E poi, caro Gigi, cari autori di Made in Sud, non ha troppo senso propinare monologhi sulla grandezza culturale di Napoli all’interno del contenitore Made in Sud, un contenitore che sinceramente con la cultura partenopea ha veramente pochissimo a che fare. Direi niente a che fare. Che senso ha strizzare l’occhio ad un racconto identitario se quell’occhio è già “ammarrato” dal cazzotto della mediocrità che lo stesso programma elargisce in quantità industriali? Cioè, con tutto il cuore, non si può sentire nominare Ferdinando IV dopo “vita cuore e battito”. È come dire “Ua, quanto è buona la pizza” mentre mangi, voracemente e senza gustare, il nuovissimo Crispy Mc Merda. Non so se ho reso l’idea.
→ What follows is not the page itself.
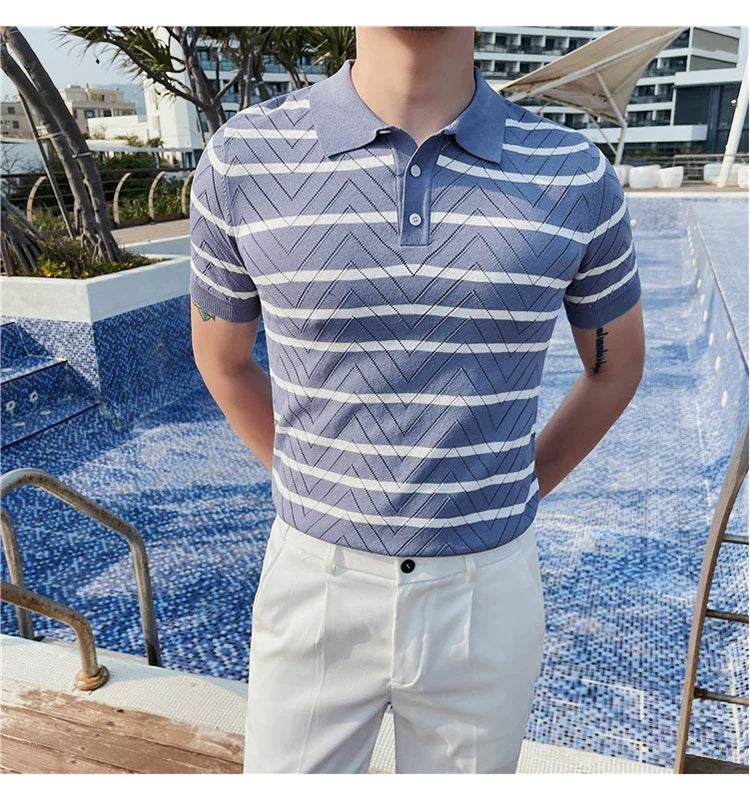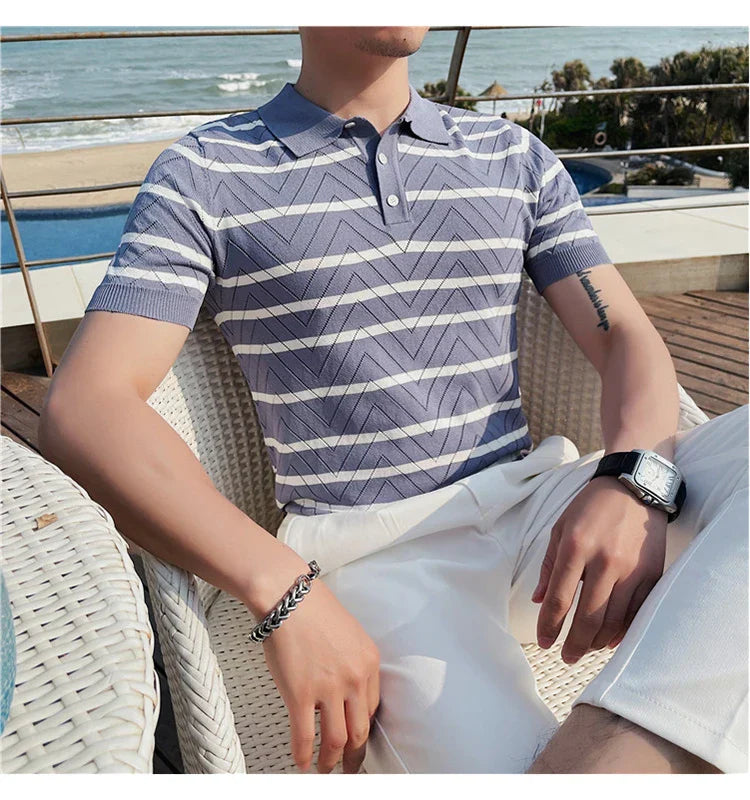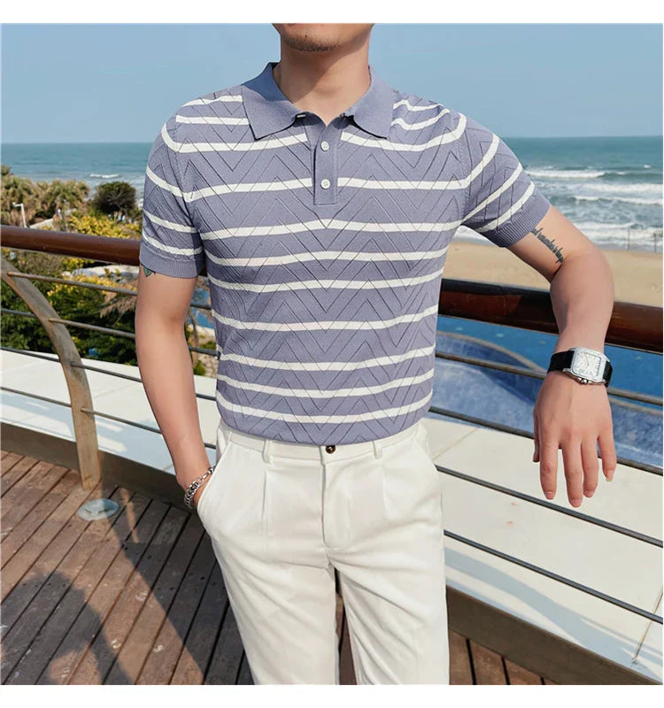 Gestreepte Gebreide Polo | Katoenmix | Stijlvol & Ademend

Detto questo resta l’amaro in bocca, per i tempi che viviamo, per una comicità che non c’è più, per un sistema che ormai funziona così. Peccato. Mi sarebbe piaciuto se Made in Sud fosse stato uno di quei programmi dedicati alla vera comicità. Un programma dedicato a tanti attori napoletani che fanno dell’ottima comicità e che restano relegati nei piccoli teatrini (sempre siano lodati!). Ci avrei fatto il provino, o forse l’ho già fatto e sono stato scartato, magari perché sono un cane (probabile) o perché dicevo cose non adatte a quel contenitore (probabile anche questo). Tuttavia, al di là del programma, resta il pubblico. Se volete vedere Made in Sud sintonizzatevi su Rai Due il mercoledì sera, o magari registrate una puntata soltanto e vedetevela una volta a settimana, tanto è la stessa identica cosa.

“Siamo tutti quanti Made in Sud”? No, grazie. E poca confidenza.